Меня часто раздражают речи и всяческие печатные словеса о любви к Вильнюсу, клятвенные заверения вернуться в этот вечный город из любого уголка света: не верю я ни умным и связным рассуждениям, ни искренним вздохам и, разумеется, оказываюсь неправ - мне ли решать, что чувствуют люди по отношению к зданию, ландшафту, топографии, той долине или этому изгибу улицы? Но тогда кому же, если не мне? И я могу иметь свое мнение, пусть оно даже гроша ломаного не стоит, тем более трех, на которые в Старом городе можно было выпить аж кварту сорокаградусной! Сейчас уточню: я не верю, что эти слова принадлежат моим сверстникам, у меня то и дело возникает неприличное подозрение, что они спят и видят, как бы подороже продать свою любовь к Вильнюсу и получить взамен что-нибудь осязаемое и приятное, не буду уточнять что именно. Зато я верю вздохам и даже клятвам стариков, которым ничего не нужно, хотя и клятвы эти порой фальшивы; как мало людей, которым не требовалось бы хоть чего-нибудь, ведь даже место на кладбище выделяется в зависимости от того, насколько громкой была известность в обществе или звонким голос... Нет, все они, эти краснобаи, по-своему любят город, приходят в ужас от жутких преступлений, возмущаются по поводу безалаберщины, сетуют на неудобства, они и в самом деле не хотели бы жить в любом другом месте - только здесь. Но вот любят ли они его по-настоящему?.. Я не собираюсь стыдить или осуждать кого-нибудь: дыхание человека скоротечно, он не успевает даже осознать свою подлинную ничтожность, а физиологии перестает стыдиться гораздо позже, впав в детство...

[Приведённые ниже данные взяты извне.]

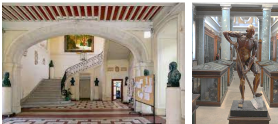
Hall d'entrée de la Fac de Médecine Musée d'Atger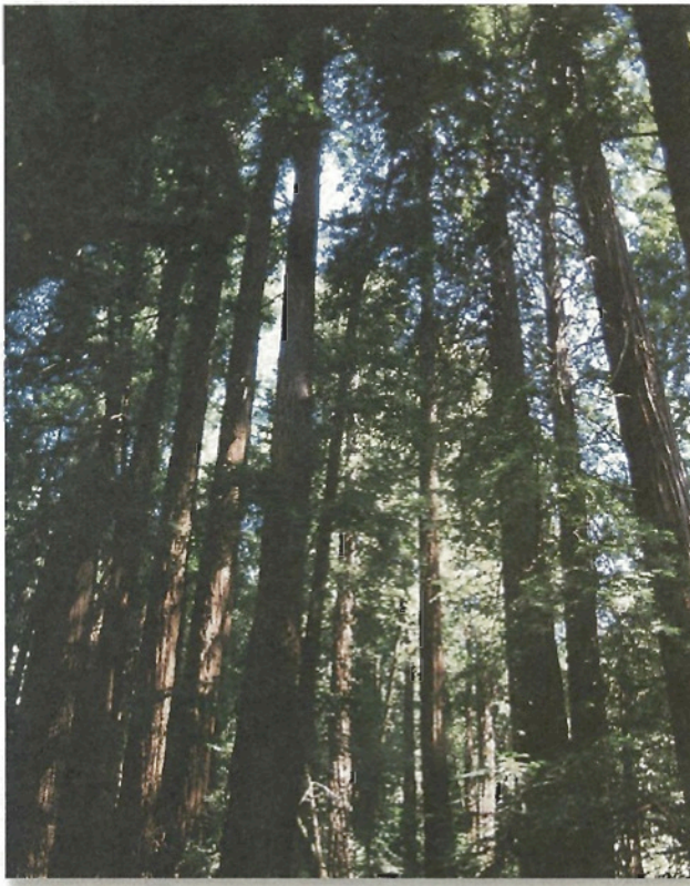
California redwoods grow in Muir Woods. The woods were named for John Muir.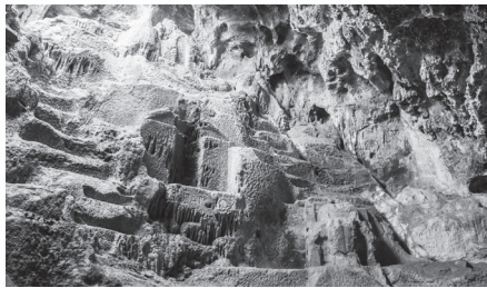
Εικ. 6. Βωμός και ανάγλυφο καθιστής θεότητας από το σπήλαιο του Πανός στη Βάρη.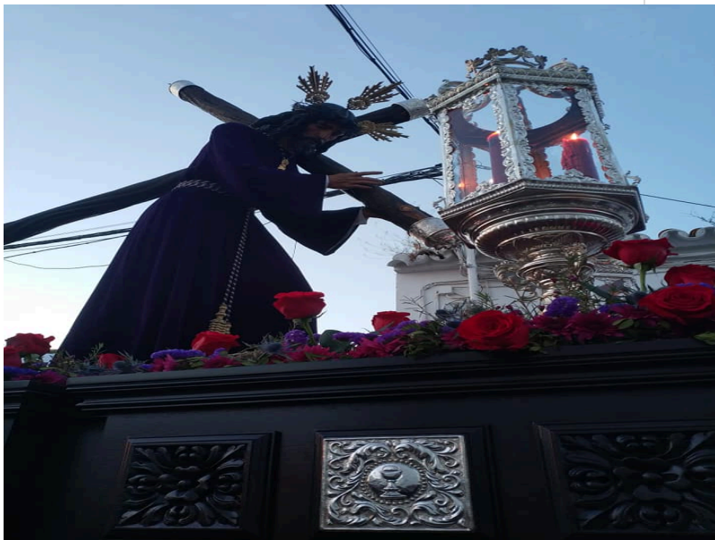
( http://www.villalbadelalcor.es/export/sites/villalba/es/.galleries/noticias/Noticias-2019/Abril/EL-AYUNTAMIENTO-DE-VILLALBA-DEL-ALCOR )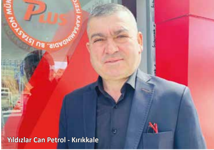
Yıldızlar Can Petrol - Kırıkkale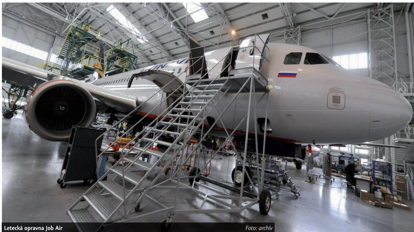
Letecká oprava Job Air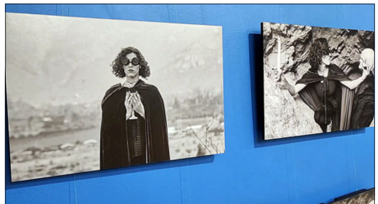
La exposición fotográfica estará hasta este 31 de octubre.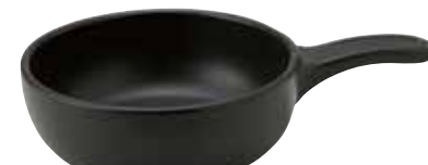
328-0153 黒片手グラタン 23×15.2×5.5cm 680cc 1,900円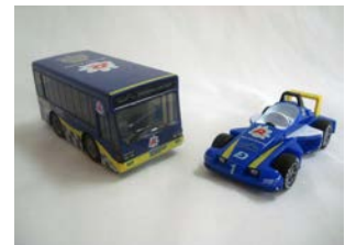
コチラレーシングブルバックカー 各630円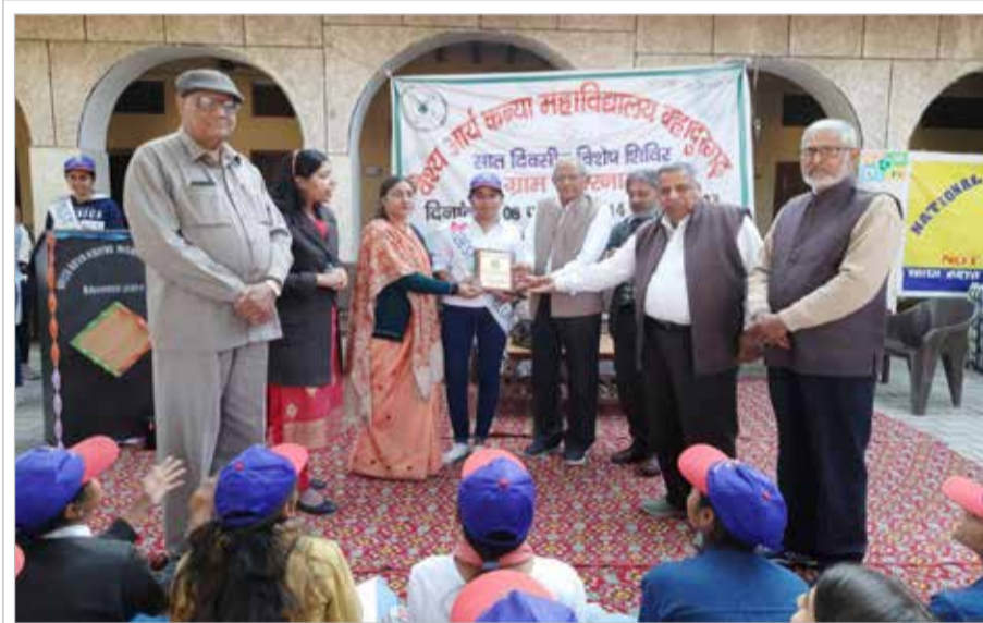
कैम्प समापन पर स्वयंसेविका स्मृति चिन्ह भेंटकर सम्मानित करते हुए मुख्यातिथि व अन्य अतिथि।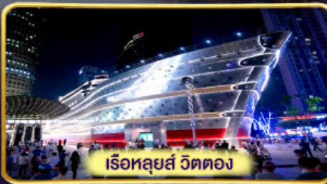
เรือหลุยส์ วิตตอง

Мои козыри тоже достаточно скромны - сам не знаю, могу ли я любить город, в котором испытал столько унижений, неудач и такую нужду. Зато я познал его в той мере, в какой мне было суждено это сделать.

Взять хотя бы тот же монастырь на улице Малуну, между трех мостов. Между церковью и множеством костелов. Тот самый, что высится по ту сторону Вилейки, уже на Заречье, как бы находясь в другом небольшом государстве, где речка является не только естественной, природной границей, но и рубежом зон влияния. Вот и галерея, дверь, за которой жила моя мать, когда к ней приходил мой будущий отец. Здесь резвились кузены-американцы, зубрила немецкую грамматику Домицеле... Пожалуй, я не хотел бы тут жить - Туулин дом с апсидой куда просторнее, - но сюда меня тянуло уже тогда, когда я малейшего представления не имел ни о военной поре, ни об образцово-показательной школе. Если быть точным, кое о чем я краем уха слышал, но точных адресов никто не называл. Сейчас-то мне доподлинно известно, чего ради я, свернув с намеченного городского маршрута, забредаю сюда и при этом делаю вид, что просто-напросто решил прогуляться вдоль речки или под благовидным предлогом навестить графика, отпустившего на щеках мордоволосья. Туула - вот причина. Она была здесь, здесь я слышал ее глухой голос, хрупкий смех, здесь, над горой Бекеша и над моей головой, под сводами комнаты, сияла ее маленькая стрекозиная головка...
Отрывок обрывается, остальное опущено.